We are client server 5.4 SR3 and have an issue related to the use of the B/AR 
reverse and re-batch function. 

In summary the problem relates to accounts that meet the 24 or 72 hour rule.  
When patients are registered twice on the same day or fall within the 72 hour 
Medicare rule, we have two separate accounts.  We use reverse and re-batch to 
move the charges to one account. Often these accounts have been coded and by 
using that function any diagnosis or procedure codes are not moved from the old 
to the new account.
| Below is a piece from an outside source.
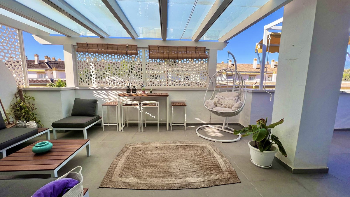 Great opportunity! Renovated and cozy PENTHOUSE in the Dama de Noche urbanization, just a few steps from Puerto Banús. Fantastic private urbanization with 24-hour security, paddle tennis court, large community gardens, 2 large swimming pool and restaurant. Excellent location, 5 or 10 minutes walk from Puerto Banús, the beach, surrounded by services and 10 minutes by car from Marbella Center.

This can result in claims being released without all of the 
needed diagnosis and procedure codes.  

Note: For a number of reasons, we have all of our ABS Patient Class dictionary 
entries "Unfinalize for Late Chgs" set to "N".  

We are wondering how other sites work around this issue. Is there a process 
someone has developed to deal with these? Any reports that can be suggested?  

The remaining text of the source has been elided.